A spokesman for New York's Bellevue Hospital confirmed that the man was
treated at the medical facility for 72 hours.
He was kept under quarantine at the hospital and did not travel on any form
of public transportation while in New York, the city's health department
said,
"We have no information to suggest anyone in New York City is at any risk
associated with this case," the department said in a news release.
Asked if he preferred to stay in New York or return to his family in Atlanta
for treatment, the man chose the latter option, said Cetron. At that point,
the CDC used one of its planes to fly the patient to Atlanta on Monday, an
unusual use of agency resources, Gerberding acknowledged.
XDR TB
Between 1993 and 2006, 49 people were diagnosed with XDR TB in the United
States, said Dr. Ken Castro, director of the division of TB Elimination at
CDC.
But the disease is more common elsewhere, he said. "When they looked, they
found it in every single continent of the world," he said.

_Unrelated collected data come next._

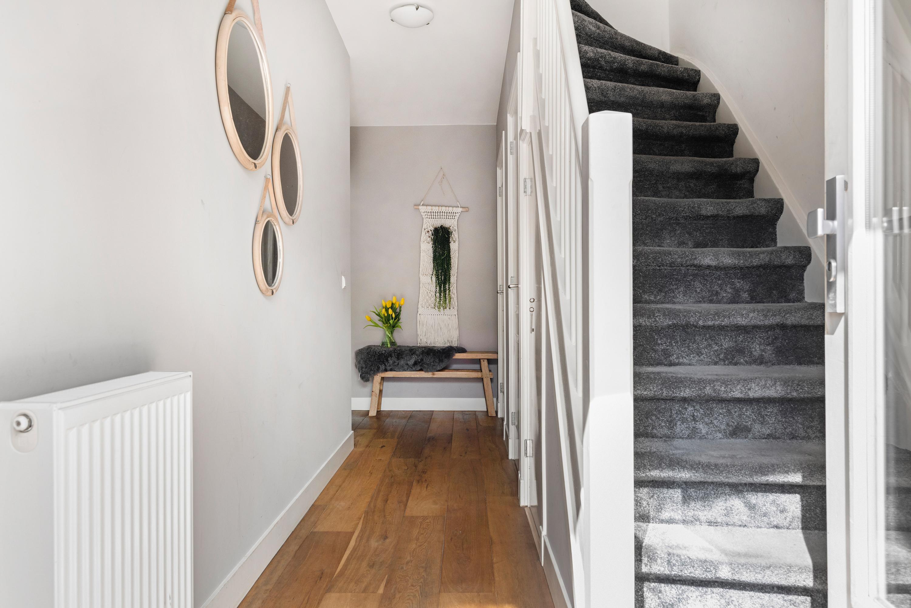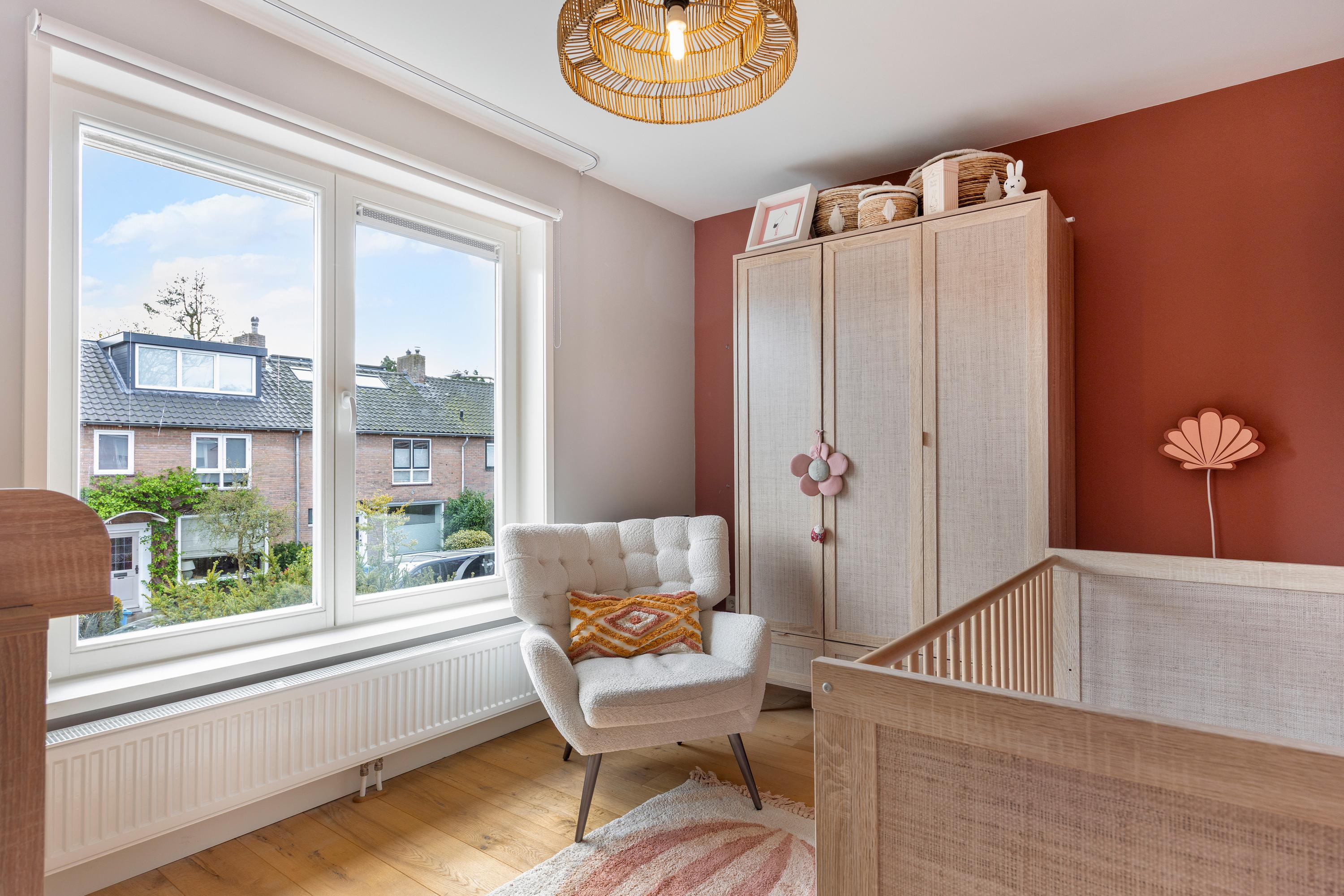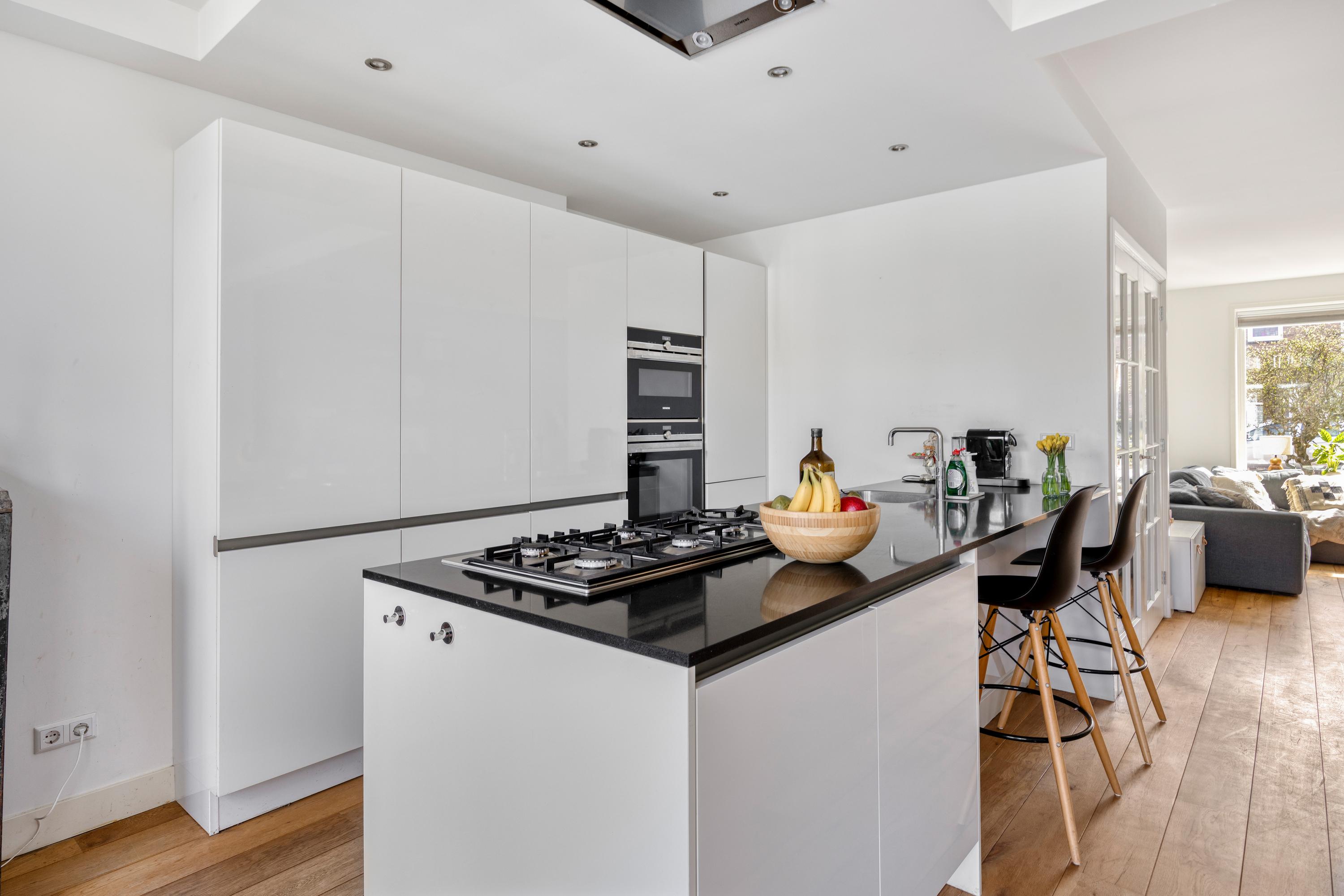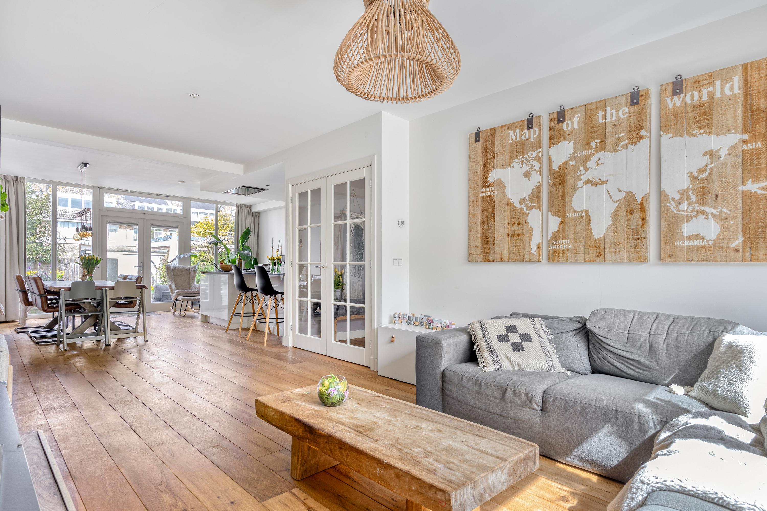 Binnen word je direct verrast door de zeer lichte en ruime woonkamer met een open moderne woonkeuken die van alle gemakken is voorzien. Het gezellige barretje maakt dit dé plek waar de kids ’s ochtends aanschuiven voor ontbijt of ’s middags hun huiswerk doen terwijl jij kookt. De gehele woning is afgewerkt met een mooie houten vloer en dankzij de charmante dubbele openslaande deuren – zowel van de hal naar de woonkamer als van de woonkeuken naar de tuin – voelt het geheel extra ruim en verbonden. Op de eerste verdieping vind je drie comfortabele slaapkamers en een royale, moderne badkamer. De bovenste verdiepingen bieden nog eens twee ruime slaapkamers, vergroot door dakkapellen, en een tweede badkamer die zo goed als nieuw is. Beide verdiepingen beschikken bovendien over een apart toilet en de woning is volledig over drie verdiepingen uitgebouwd, wat zorgt voor verrassend veel leefruimte.
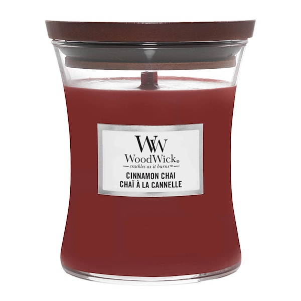 WoodWick Hourglass doftljus Cinnamon Chai i medium storlek skapar en mysig atmosfär med sin varma blandning av kryddig kanel och fylliga vaniljtoner. Doftljuset är noggrant komponerat med flera lager som utvecklas på ett elegant sätt.
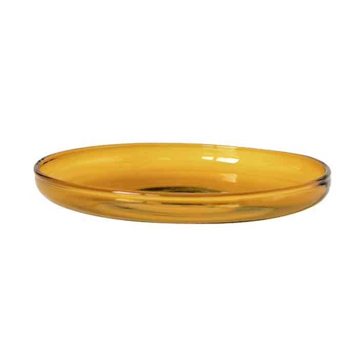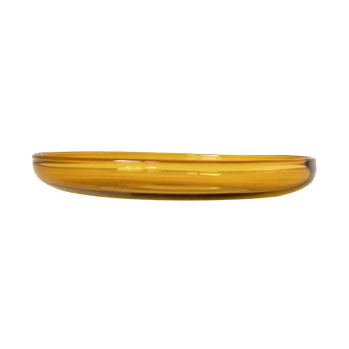 ひとつひとつの職人の手で作られた、持ち手付きのガラス製プレート。

WHO estimates that there were almost half a million cases of
multiple-drug-resistant tuberculosis worldwide in 2004.
People with TB of the lungs, the site most commonly affected, can spread the
disease by coughing, sneezing or even talking.
"A person needs only to breathe in a small number of these germs to become
infected (although only a small proportion of people will become infected
with TB disease)," the WHO said on its Web site.
"The risk of becoming infected increases the longer the time that a
previously uninfected person spends in the same room as the infectious
case," it added.
Cure is possible for up to 30 percent of cases, it said.
No one at the disease agency recalls the agency issuing a quarantine order
since 1963, when a possible case of exposure to smallpox emerged, she said.